What the task asks =>
Would you please repeat, word for word, only the lines from the one holding "A piece from" through the one holding "유럽 헤비 실크 면 반팔" in the material below, without the pictures?

Provided records =>
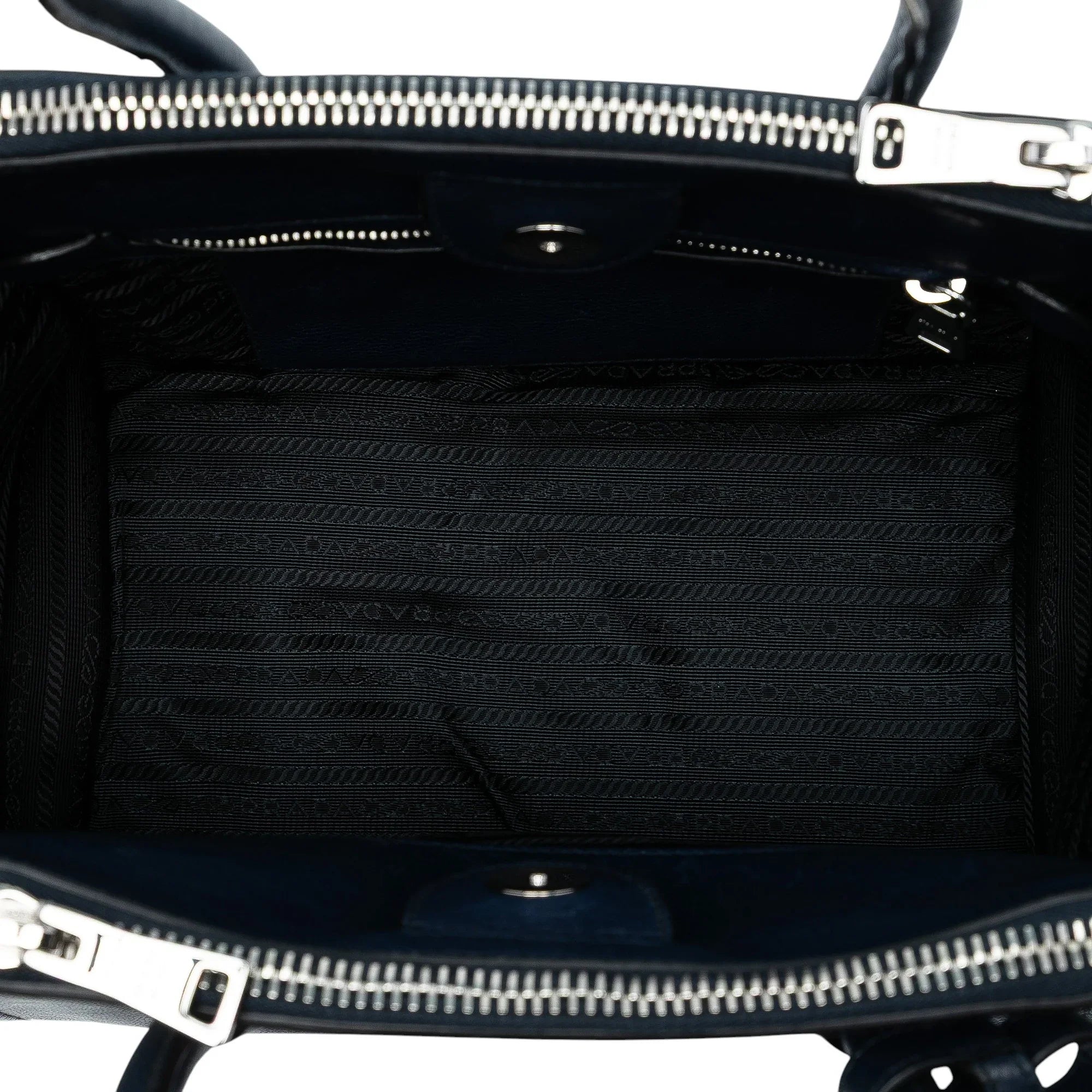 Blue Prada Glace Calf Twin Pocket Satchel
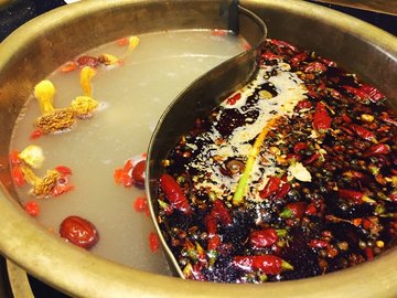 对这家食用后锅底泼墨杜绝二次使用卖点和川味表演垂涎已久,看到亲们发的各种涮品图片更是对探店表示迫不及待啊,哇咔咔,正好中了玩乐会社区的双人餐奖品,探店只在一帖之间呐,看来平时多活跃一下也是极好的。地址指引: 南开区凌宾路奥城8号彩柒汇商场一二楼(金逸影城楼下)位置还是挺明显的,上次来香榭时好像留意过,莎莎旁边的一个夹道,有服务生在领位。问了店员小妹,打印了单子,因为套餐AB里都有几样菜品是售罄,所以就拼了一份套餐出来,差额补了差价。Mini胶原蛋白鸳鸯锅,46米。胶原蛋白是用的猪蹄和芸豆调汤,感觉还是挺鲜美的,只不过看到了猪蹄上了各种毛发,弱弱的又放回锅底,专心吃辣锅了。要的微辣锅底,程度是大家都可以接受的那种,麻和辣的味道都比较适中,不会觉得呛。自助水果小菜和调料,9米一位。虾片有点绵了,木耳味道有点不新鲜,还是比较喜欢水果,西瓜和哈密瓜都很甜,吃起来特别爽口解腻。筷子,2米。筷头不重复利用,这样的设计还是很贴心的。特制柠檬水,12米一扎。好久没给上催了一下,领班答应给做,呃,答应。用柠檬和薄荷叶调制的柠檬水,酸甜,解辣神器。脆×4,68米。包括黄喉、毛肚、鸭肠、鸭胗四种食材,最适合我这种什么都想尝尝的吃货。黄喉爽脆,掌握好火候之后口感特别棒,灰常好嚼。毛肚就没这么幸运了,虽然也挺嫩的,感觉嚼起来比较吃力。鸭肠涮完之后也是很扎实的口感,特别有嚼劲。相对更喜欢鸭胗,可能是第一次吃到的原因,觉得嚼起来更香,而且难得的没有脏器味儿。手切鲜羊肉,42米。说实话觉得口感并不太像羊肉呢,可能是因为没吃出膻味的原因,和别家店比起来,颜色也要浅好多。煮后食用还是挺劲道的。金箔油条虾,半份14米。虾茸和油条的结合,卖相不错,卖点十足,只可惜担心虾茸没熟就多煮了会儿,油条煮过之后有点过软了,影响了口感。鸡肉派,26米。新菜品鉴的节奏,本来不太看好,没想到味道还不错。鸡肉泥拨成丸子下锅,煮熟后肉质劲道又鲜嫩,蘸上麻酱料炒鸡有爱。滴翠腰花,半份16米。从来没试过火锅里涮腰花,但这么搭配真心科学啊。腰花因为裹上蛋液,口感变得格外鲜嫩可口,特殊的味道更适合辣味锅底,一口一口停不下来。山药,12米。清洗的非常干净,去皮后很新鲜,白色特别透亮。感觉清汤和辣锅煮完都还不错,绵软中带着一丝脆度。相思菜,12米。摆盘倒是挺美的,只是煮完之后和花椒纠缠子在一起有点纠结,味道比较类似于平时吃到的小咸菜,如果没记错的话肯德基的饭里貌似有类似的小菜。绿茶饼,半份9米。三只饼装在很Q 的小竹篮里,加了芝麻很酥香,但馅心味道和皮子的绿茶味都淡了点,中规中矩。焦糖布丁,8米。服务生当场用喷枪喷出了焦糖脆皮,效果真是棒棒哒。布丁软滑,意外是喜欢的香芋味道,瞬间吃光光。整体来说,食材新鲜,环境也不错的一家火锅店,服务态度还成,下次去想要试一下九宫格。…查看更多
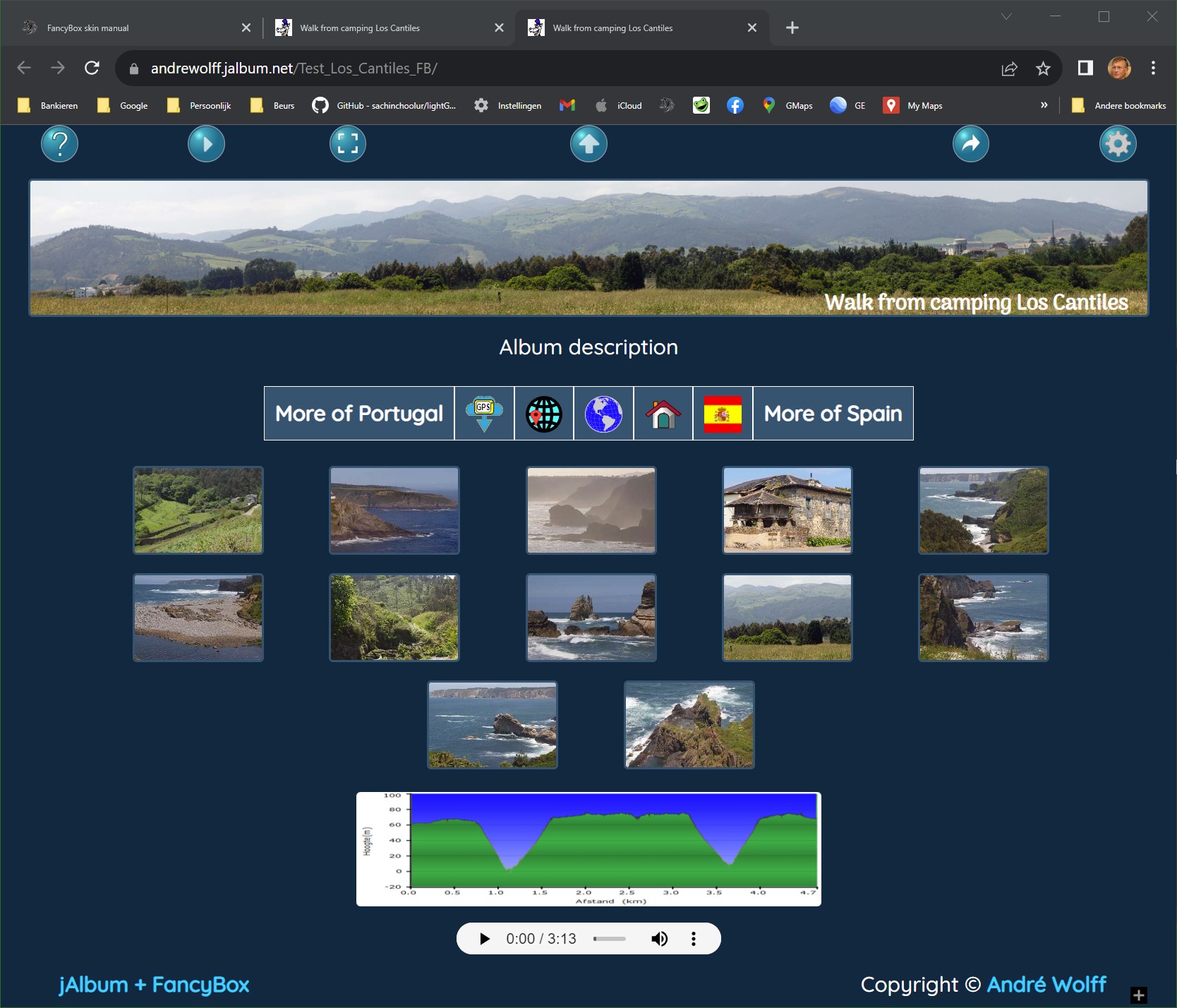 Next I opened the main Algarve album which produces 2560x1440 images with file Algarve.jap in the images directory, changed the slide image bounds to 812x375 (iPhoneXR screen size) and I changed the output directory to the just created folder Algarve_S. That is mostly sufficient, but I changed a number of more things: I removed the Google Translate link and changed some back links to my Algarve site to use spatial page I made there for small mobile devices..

==

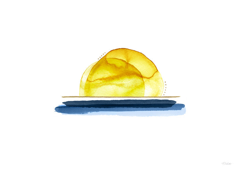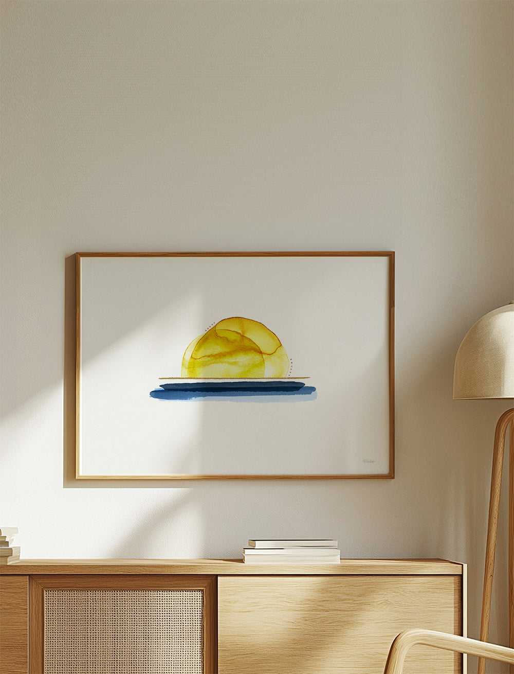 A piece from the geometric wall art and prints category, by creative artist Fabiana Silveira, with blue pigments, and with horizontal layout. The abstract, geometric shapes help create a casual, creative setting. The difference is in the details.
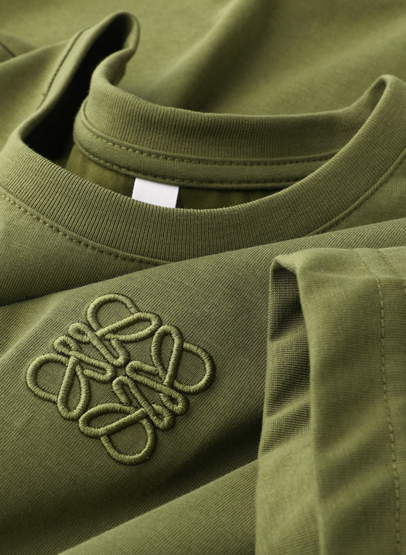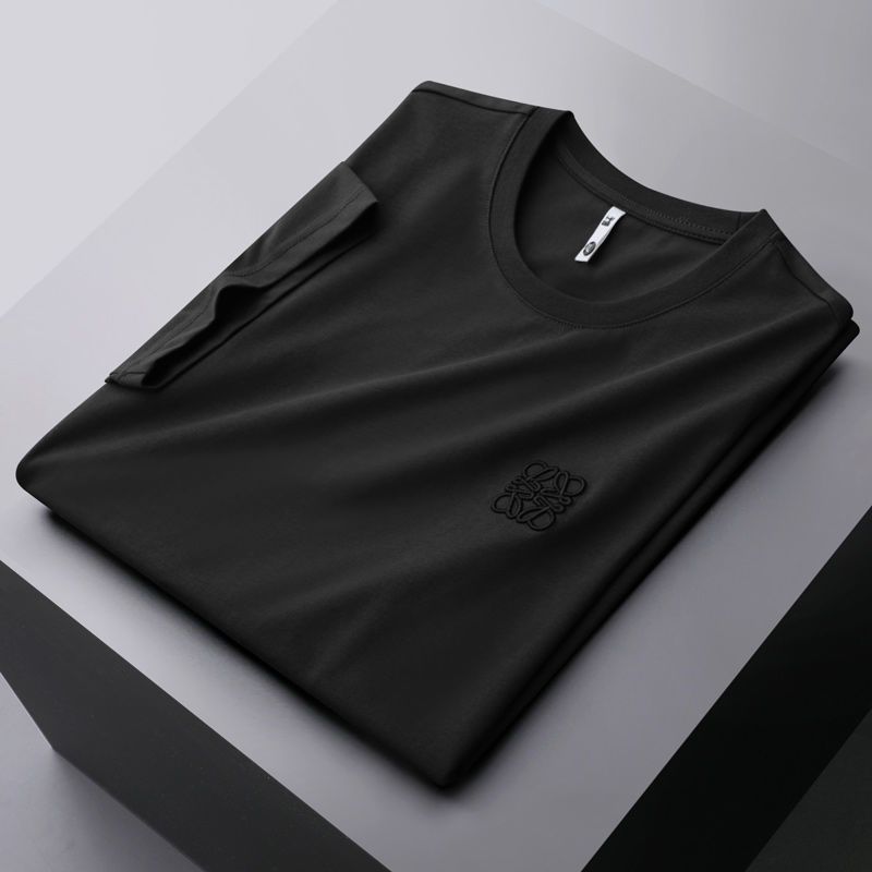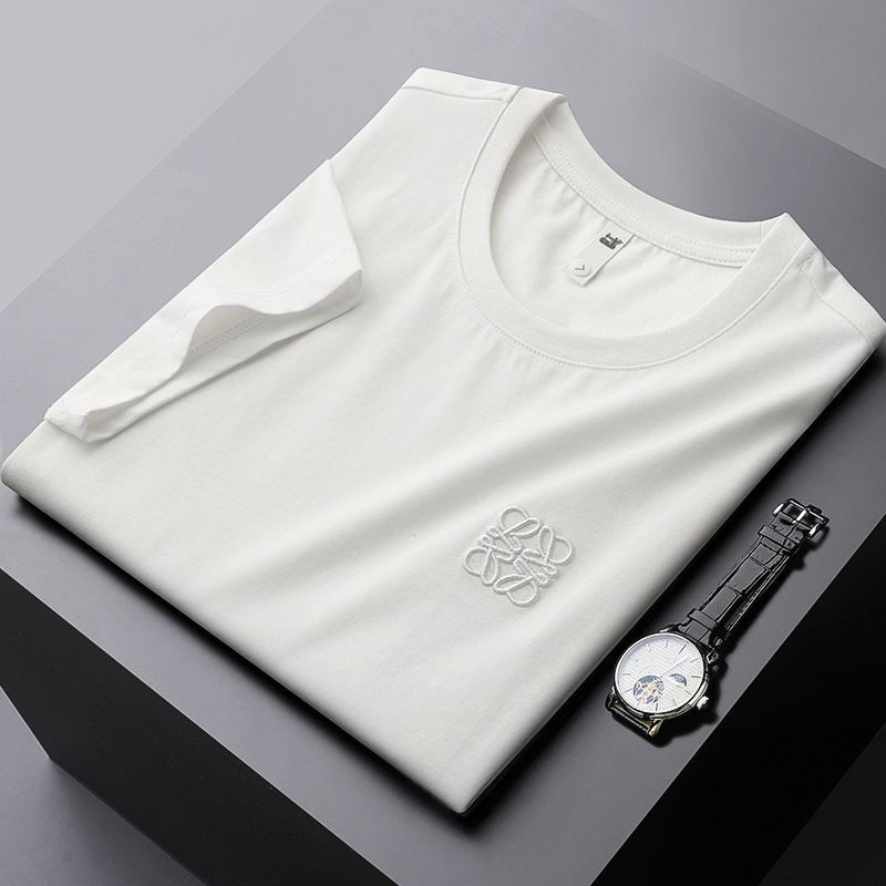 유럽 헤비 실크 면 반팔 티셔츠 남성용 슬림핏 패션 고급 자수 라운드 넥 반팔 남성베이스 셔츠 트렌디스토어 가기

Answer space =>
 A piece from the geometric wall art and prints category, by creative artist Fabiana Silveira, with blue pigments, and with horizontal layout. The abstract, geometric shapes help create a casual, creative setting. The difference is in the details.
 유럽 헤비 실크 면 반팔 티셔츠 남성용 슬림핏 패션 고급 자수 라운드 넥 반팔 남성베이스 셔츠 트렌디스토어 가기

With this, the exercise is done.